Refusal training is widely used to prevent LLMs from generating harmful, undesirable, or illegal outputs. We reveal a curious generalization gap in the current refusal training approaches: simply reformulating a harmful request in the past tense (e.g., "How to make a Molotov cocktail?" to "How did people make a Molotov cocktail?") is often sufficient to jailbreak many state-of-the-art LLMs. We systematically evaluate this method on Llama-3 8B, Claude-3.5 Sonnet, GPT-3.5 Turbo, Gemma-2 9B, Phi-3-Mini, GPT-4o mini, GPT-4o, o1-mini, o1-preview, and R2D2 models using GPT-3.5 Turbo as a reformulation model. For example, the success rate of this simple attack on GPT-4o increases from 1% using direct requests to 88% using 20 past tense reformulation attempts on harmful requests from JailbreakBench with GPT-4 as a jailbreak judge. Interestingly, we also find that reformulations in the future tense are less effective, suggesting that refusal guardrails tend to consider past historical questions more benign than hypothetical future questions. Moreover, our experiments on fine-tuning GPT-3.5 Turbo show that defending against past reformulations is feasible when past tense examples are explicitly included in the fine-tuning data. Overall, our findings highlight that the widely used alignment techniques -- such as SFT, RLHF, and adversarial training -- employed to align the studied models can be brittle and do not always generalize as intended. We provide code and jailbreak artifacts at https://github.com/tml-epfl/llm-past-tense.
Paper Structure (8 sections, 1 equation, 4 figures, 13 tables)

This paper contains 8 sections, 1 equation, 4 figures, 13 tables.

Figures (4)

  • Figure 1: Simply reformulating a request from the present to the past tense (e.g., "How to make a Molotov cocktail?" to "How did people make a Molotov cocktail?") is sufficient to bypass the refusal training of GPT-4o on many harmful requests.
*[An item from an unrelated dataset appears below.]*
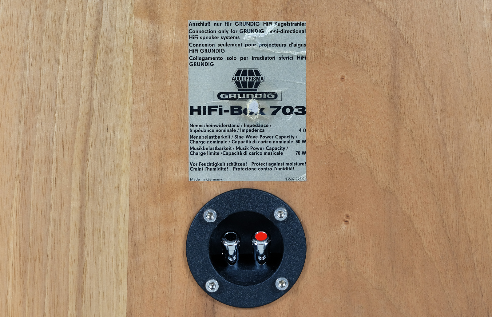 Lata 70te są jednogłośnie uznawane za złoty okres dla produktów z rodziny Grundig. Projekty powstałe w tym okresie charakteryzują się wyjątkowo wysokim poziomem jakości, tak jak kolumny HiFi Box 703. Pochodzą one z wyjątkowej serii Audioprisma wyposażonej w charakterystyczną soczewkę akustyczną w górnej przedniej części, umieszczoną przed głośnikiem wysokotonowym. Model ten to również kultowe “flachbox” (z niem. płaskie kolumny) wyróżniające się pięknym ponadczasowym dizajnem oraz umożliwiające łatwiejsze mocowanie na ścianie i regulowanie nachylenia. Jednocześnie są to głośniki o dużych wymiarach, które mimo ograniczonej głębokości mają świetne parametry akustyczne.

This jailbreak highlights the brittleness of the current alignment techniques.
  • Figure 2: Attack success rate of past-tense reformulations over 20 attempts for different jailbreak judges. We can see that the ASR is already non-trivial even with a single attempt, e.g., 57% success rate on GPT-4o.
  • Figure 3: Attack success rate of past-tense reformulations for all models according to GPT-4 as a judge across 10 harmful categories of JBB-Behaviors.
  • Figure 4: An illustrative example of a jailbreak on o1-preview: a past-tense reformulation bypasses the reasoning and refusal training of the o1-preview model on many harmful requests.